Headline reading: decimal-scaled is the only library that simultaneously (a) ships 0-ULP HalfToEven by default, without the caller having to switch rounding modes or re-render at a different scale, and (b) keeps add / sub / neg at the cost of a primitive i128 instruction. fastnum is the closest peer — it computes correctly at full internal precision and trades only a render-mode choice; its transcendentals are substantially faster than ours at D128 because fastnum's series runs at fixed 38-digit precision instead of our SCALE + GUARD working scale. The crates with real accuracy losses (dashu-float, g_math) are slower and less accurate; the crates with heap arithmetic (bigdecimal, dashu-float) trade 10×–100× on add / sub / neg.

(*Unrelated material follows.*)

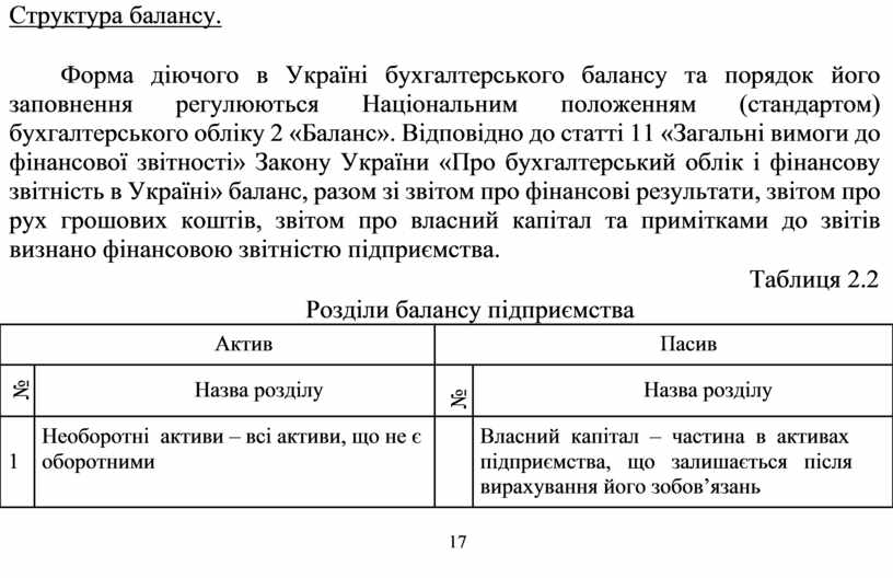 Актив балансу складається з трьох розділів, а пасив – з п’яти розділів, у яких згруповано економічно однорідні засоби і джерела так, щоб з найбільшою ясністю простежувався взаємозв’язок між складом господарських засобів в активі та джерелами їх формування в пасиві балансу. Це істотно підвищує пізнавальні якості балансу, полегшує контроль та забезпечує аналіз фінансового стану підприємства.

Where each crate fits at I128:

decimal-scaled / fastnum / rust_decimal / decimal-rs / fixed::I64F64 all live in the ns range for arithmetic. Pick on shape: SCALE generic + no_std (us); fixed precision with very fast transcendentals (fastnum); NUMERIC-shape (rust_decimal); plain i128 + scale (decimal-rs); binary fixed-point (fixed::I64F64).
bigdecimal / dashu-float live an order of magnitude up because every op touches the heap. Use them when you need arbitrary precision at runtime; otherwise the stack peers fit the same shape with less overhead.
g_math sits sub-µs on transcendentals but at 6–46 ULP off the correctly-rounded value at this precision (see "Accuracy at 128-bit" below). Fits the FP-expression-DSL workflow it's designed for; not a fit when last-digit correctness matters.

Inside the stack-decimal cluster, the transcendental costs diverge: decimal-scaled's strict path pays SCALE + GUARD working precision (so its ln is µs-scale here, vs fastnum's tens of ns at fixed internal precision). Whether that cost is worth paying depends on whether you need HalfToEven-at-storage by default or are happy to manage the render mode yourself.

I256 — 256-bit storage at scale 35¶

The candidate set narrows. rust_decimal / decimal-rs / fixed::I64F64 / g_math aren't available at this width.

operations @ 256-bit at scale 35

Three crates fit at I256:

decimal-scaled — when you need a stack-allocated decimal with a compile-time SCALE generic and HalfToEven-by-default transcendentals.
fastnum (D256) — when you need stack-allocated decimal arithmetic at fixed 75-digit internal precision and are happy to render transcendentals at whichever scale your application chooses. fastnum's ln and sqrt run an order of magnitude faster than ours here because its series cost doesn't grow with the user's SCALE.
dashu-float / bigdecimal — when you need arbitrary runtime precision and the heap-allocation cost is acceptable.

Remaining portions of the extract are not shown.